Background: The development of respiratory infections secondary to Aspergillus spp. spores found ubiquitously in the ambient environment is uncommon in immunocompetent patients. Previous reports of invasive upper airway aspergillosis in immunocompetent patients have generally demonstrated the efficacy of treatment regimens utilizing antifungal agents in combination with periodic endoscopic debridement, with symptoms typically resolving within months of initiating therapy.
Case Presentation: A 43-year-old previously healthy female presented with worsening respiratory symptoms after failing to respond to long-term antibiotic treatment of bacterial sinusitis. Biopsy of her nasopharynx and trachea revealed extensive fungal infiltration and Aspergillus fumigatus was isolated on tissue culture. Several months of oral voriconazole monotherapy failed to resolve her symptoms and she underwent mechanical debridement for symptom control. Following transient improvement, her symptoms subsequently returned and failed to fully resolve in spite of increased voriconazole dosing and multiple additional tissue debridements over the course of many years.

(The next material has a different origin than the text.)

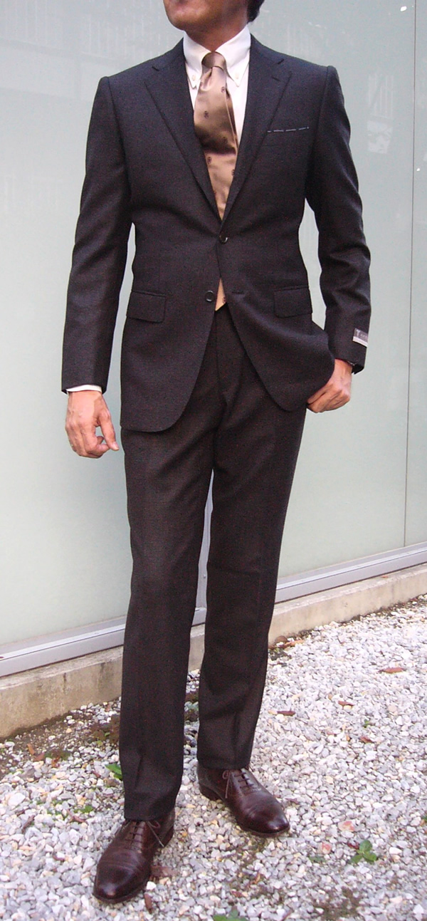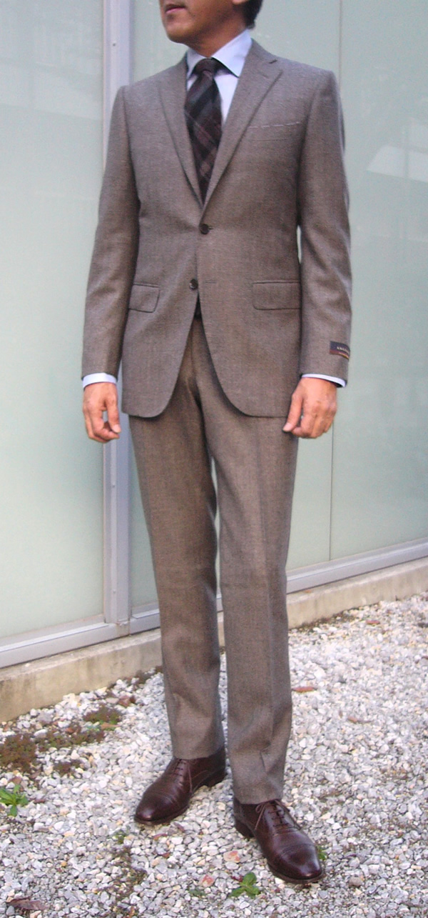 そして、イタリア【ESTRATO】社のマイクロハウンドトゥース柄のグレースーツ?に見えるのですが、よーく見ると縦にブラウンの糸が入っていて、何とも独特な色合いです。

Conclusions: Invasive upper airway aspergillosis is exceedingly uncommon in immunocompetent patients. In the rare instances that such infections do occur, combinatorial voriconazole and endoscopic debridement is typically an efficacious treatment approach. However, some patients may continue to experience refractory symptoms. In such cases, continued aggressive treatment may potentially slow disease progression even if complete disease resolution cannot be achieved.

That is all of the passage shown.